▸ WORK TO BE COMPLETED: Return all the entries exactly, keeping pictures out.

▸ RECORDS:

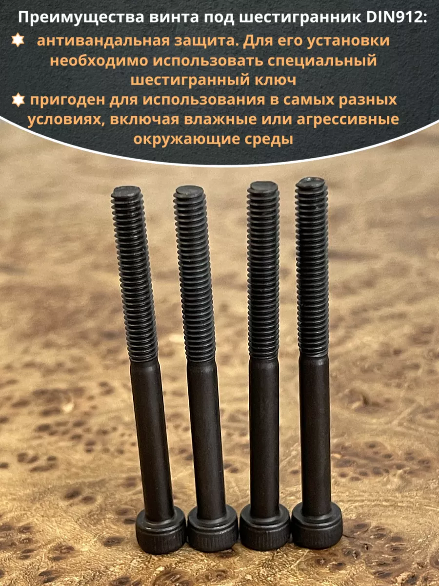 Винт имеет высокую цилиндрическую головку, предназначен для установки его с углублением в отверстие. Закручивается винт при помощи ключа-шестигранника. Высокопрочный винт DIN 912 обеспечивает надежное скрепление узлов и деталей в монтажных и других видах работ. Он имеет головку цилиндрической формы с углублением под соответствующий шестигранный ключ.
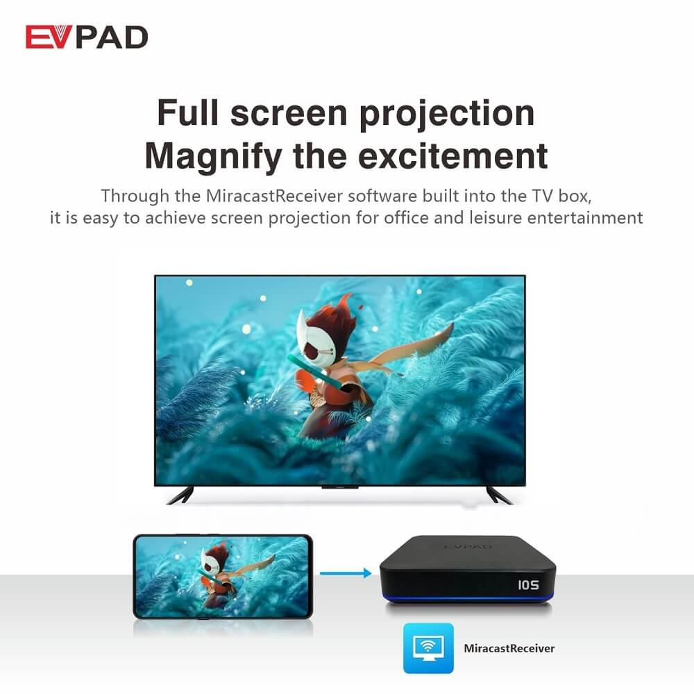 Nâng cấp Hộp TV EVPAD 10S của bạn với Chức năng chiếu toàn màn hình và đưa hoạt động giải trí, thuyết trình và hoạt động nhóm của bạn lên một tầm cao mới. Đắm chìm trong trải nghiệm tuyệt vời hơn cuộc sống, nơi mọi chi tiết và khoảnh khắc đều tỏa sáng trên màn hình lớn.
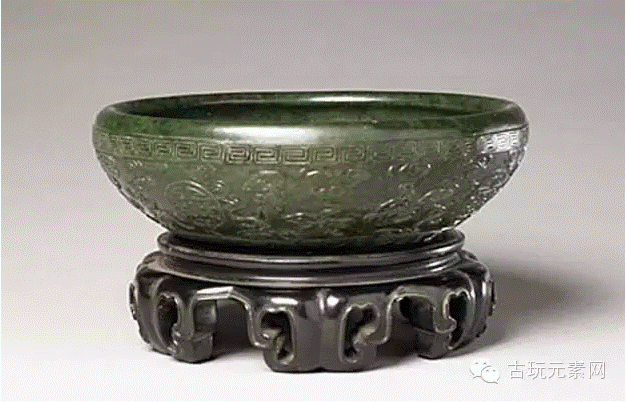 洗碧玉质,有黑斑。器圆形,口内敛,腹部线条圆润,下具四矮足。器腹近口处饰回纹一周,主题纹饰为云蝠纹和篆体团“寿”字。玉洗配紫檀如意云头木架。洗是战国晚期出现的一种青铜器,用于日常的盥洗,形体都比较大。宋代以后,瓷洗成为常见的生活用品。故宫博物院藏有若干件清代早中期烧造的瓷洗,品种各异。此洗显然仿瓷洗而制,这种玉洗已脱离了盥洗的作用而成为文房用品中的笔洗。
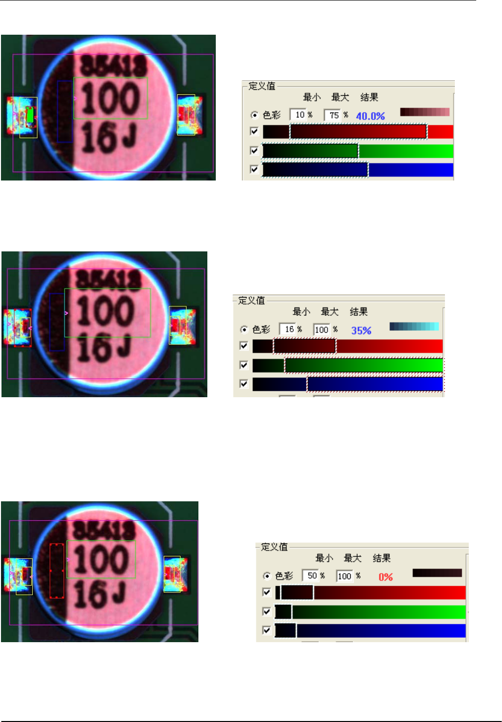 右键,电脑自动分析本体颜色,并设定检测颜色值。电容本体颜色设定时,单项颜色的长度不能超过 60,
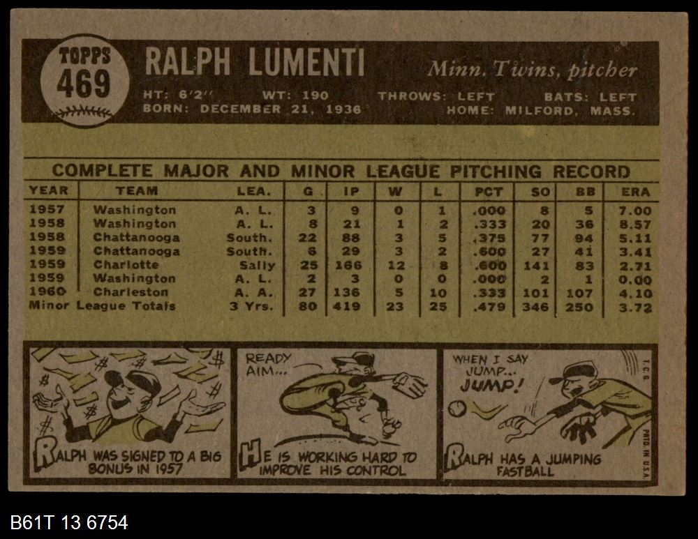 | 1961 Topps #469 Ralph Lumenti | 5 - EX | Front | Back |
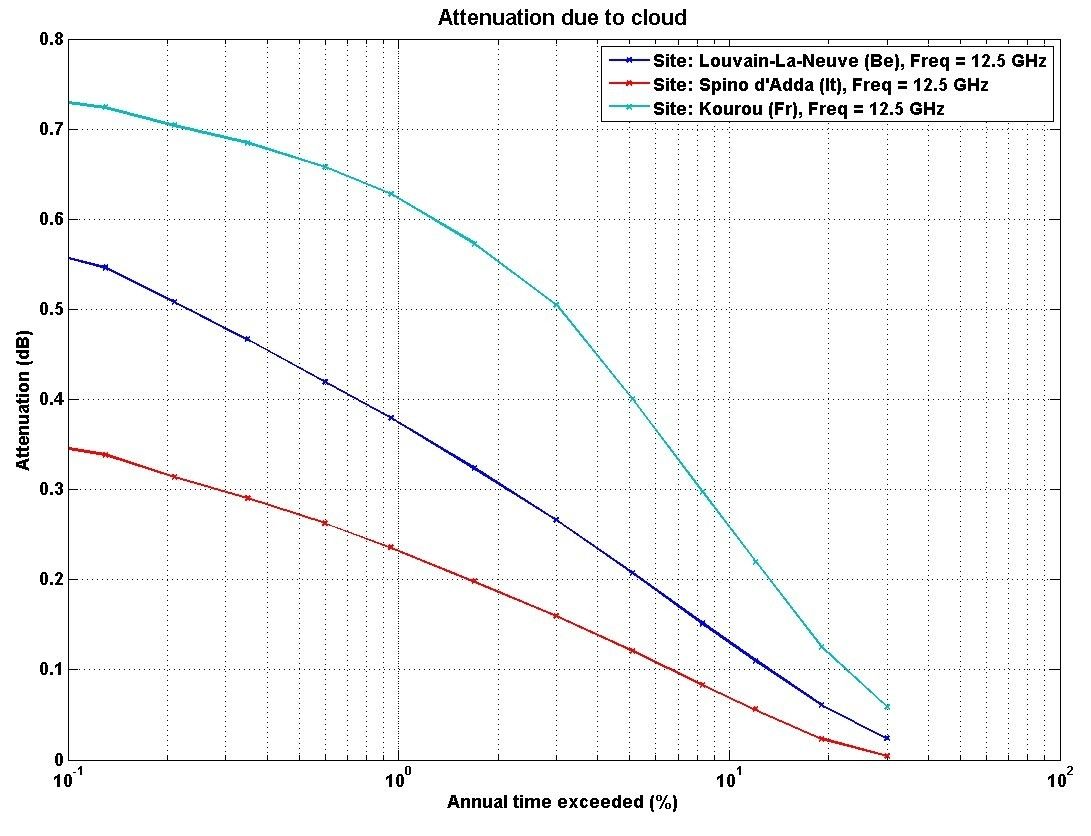 Figure 2: CCDF of attenuation due to clouds for various sites at 12.5 GHz

▸ OUTPUT OF THE TASK:
 Винт имеет высокую цилиндрическую головку, предназначен для установки его с углублением в отверстие. Закручивается винт при помощи ключа-шестигранника. Высокопрочный винт DIN 912 обеспечивает надежное скрепление узлов и деталей в монтажных и других видах работ. Он имеет головку цилиндрической формы с углублением под соответствующий шестигранный ключ.
 Nâng cấp Hộp TV EVPAD 10S của bạn với Chức năng chiếu toàn màn hình và đưa hoạt động giải trí, thuyết trình và hoạt động nhóm của bạn lên một tầm cao mới. Đắm chìm trong trải nghiệm tuyệt vời hơn cuộc sống, nơi mọi chi tiết và khoảnh khắc đều tỏa sáng trên màn hình lớn.
 洗碧玉质,有黑斑。器圆形,口内敛,腹部线条圆润,下具四矮足。器腹近口处饰回纹一周,主题纹饰为云蝠纹和篆体团“寿”字。玉洗配紫檀如意云头木架。洗是战国晚期出现的一种青铜器,用于日常的盥洗,形体都比较大。宋代以后,瓷洗成为常见的生活用品。故宫博物院藏有若干件清代早中期烧造的瓷洗,品种各异。此洗显然仿瓷洗而制,这种玉洗已脱离了盥洗的作用而成为文房用品中的笔洗。
 右键,电脑自动分析本体颜色,并设定检测颜色值。电容本体颜色设定时,单项颜色的长度不能超过 60,
 | 1961 Topps #469 Ralph Lumenti | 5 - EX | Front | Back |
 Figure 2: CCDF of attenuation due to clouds for various sites at 12.5 GHz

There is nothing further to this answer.